With the single-height USB jack(s) installed, the GPIO header is now the highest-profile part on the board. This can be shortened slightly while retaining full functionality…
The edge of the header’s plastic support can be lifted slightly using flush cutters. Be careful not to cut the pins!
You can then work along the edge with a small screwdriver to pry off this piece.
Your mileage may vary. With one Pi, the plastic support pried off cleanly. With another, this part need to be completely “nibbled” into dust!
Use a spare piece of single-row pin header as a template for trimming the GPIO pins. Wedge this pin side down between the GPIO rows, then trim along the plastic edge.

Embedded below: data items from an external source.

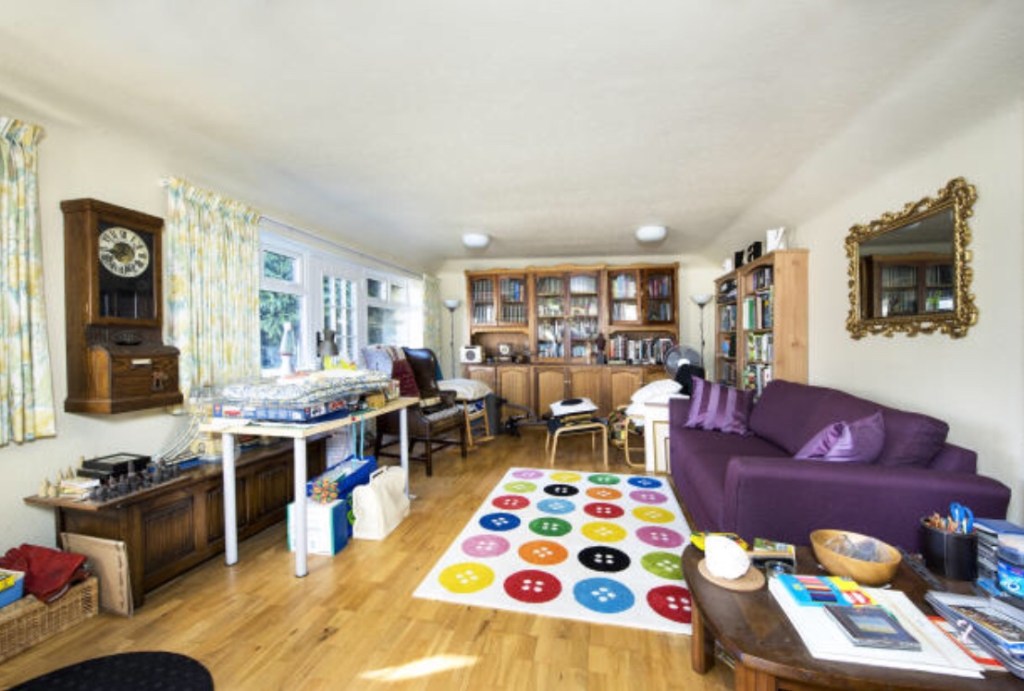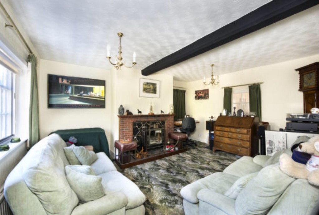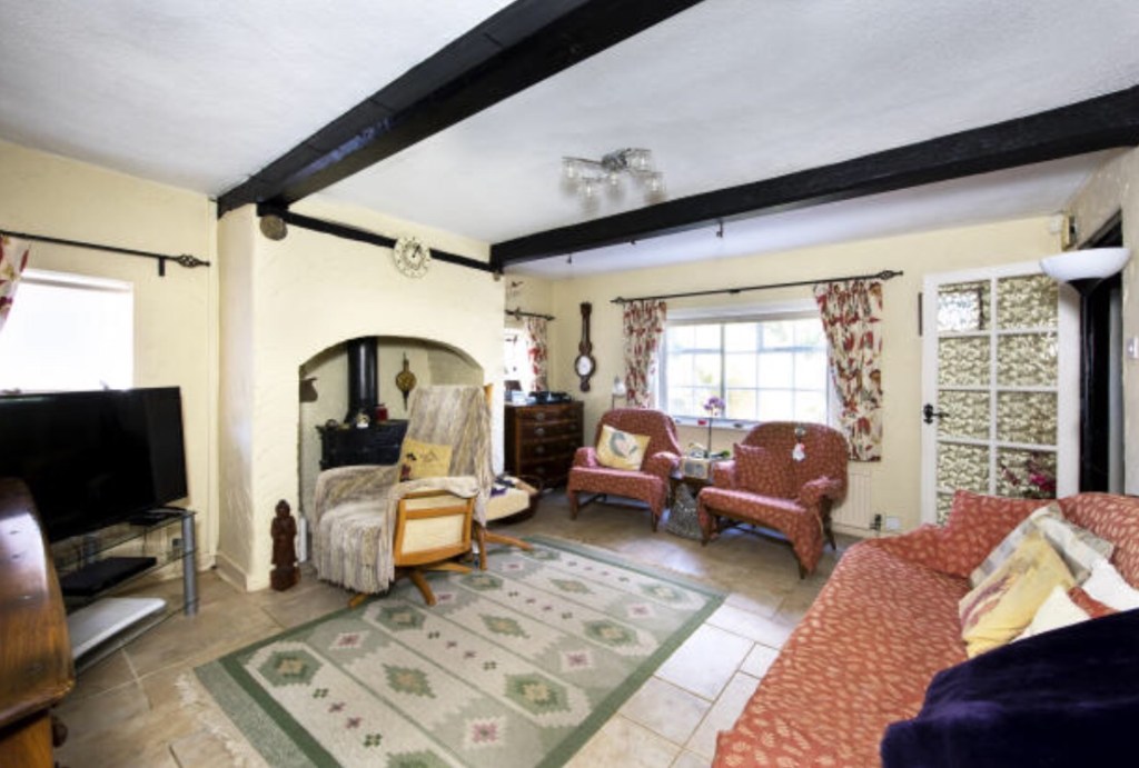 Estate Agent’s pic of the lounge. What you can’t see clearly is the original, huge, spectacular log burner, or the texture of the plaster on the walls.
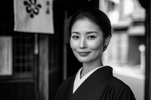 Photographed A beautiful Japanese woman in her 30s, the landlady, is wearing a plain kimono and is standing in front of a Japanese-style building with a noren curtain, smiling slightly, shot by DSLR –s 750 --ar 3:2
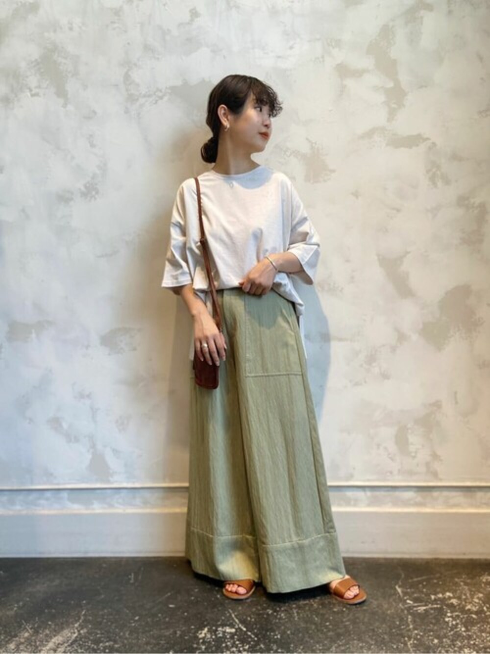 【tops】着用サイズ:F 昨年も人気のカットーが再登場! 身幅もたっぷりあり、肘まで隠れる袖丈で一枚でも着やすいカットソー。 着丈はお尻まで隠れるので、細身でもワイドでも合わせやすいです。 サイドにはスリットが入っているので、前だけインするとすっきりとした印象で着ていただけます。 洗濯 :手洗い可 伸縮性:あり 透け感:なし 裏地 :なし 光沢感:なし 色落ち:なし 【bottom】着用サイズ:F 大きなボックスポケットが可愛いデザイン。 幅広のワイドのデザインですが、軽い素材なので重たく見えないです。 着丈は私の身長で足首が隠れるフルレングスで穿けます。 フラットシューズでも安心です。 伸縮性:なし 透け感:なし 裏地 :なし 光沢感:なし 色落ち:なし 【bag】 Harbour2nd 【sandal】着用サイズ:37 FABIO RUSCONI

When you’re done, the GPIO header will be a couple millimeters shorter, roughly in-line with the video connectors on the opposite edge. Anything plugged into this (ribbon cables, Pi HATs, etc.) will sit just a little bit lower now.
Or, if you don’t anticipate using the GPIO header at all (or just need a few pins and can wire to them directly), it can be completely desoldered and removed.
Removing Additional Parts
If extreeeme weight saving is needed (e.g. for drones), many of the ports and jacks can successfully be removed, as long the corresponding functionality is never again needed for your application (there’s no going back with most of these surface-mount parts):
- GPIO header
- HDMI port
- Composite video/audio port
- FPC display connector
- Camera connector
- Micro USB power connector (if regulated +5V is instead fed to the appropriate pins on the GPIO header).
Most of these parts are about the same height, so there’s little point in removing a subset as a space-saving measure. But for aerial applications, every gram counts…go nuts.
If all of the display options are removed, then the system can only be administered remotely (e.g. ssh through WiFi). If all of the USB ports have also been removed, then the only way to log directly into the system is with a serial console cable connected to the appropriate pins on the GPIO header.
Sometimes it’s easiest just to have a second, unmodified Raspberry Pi for administration tasks. Move the microSD card to this system, boot and perform whatever configuration is necessary, then shut down and move the card back to the pared-down board.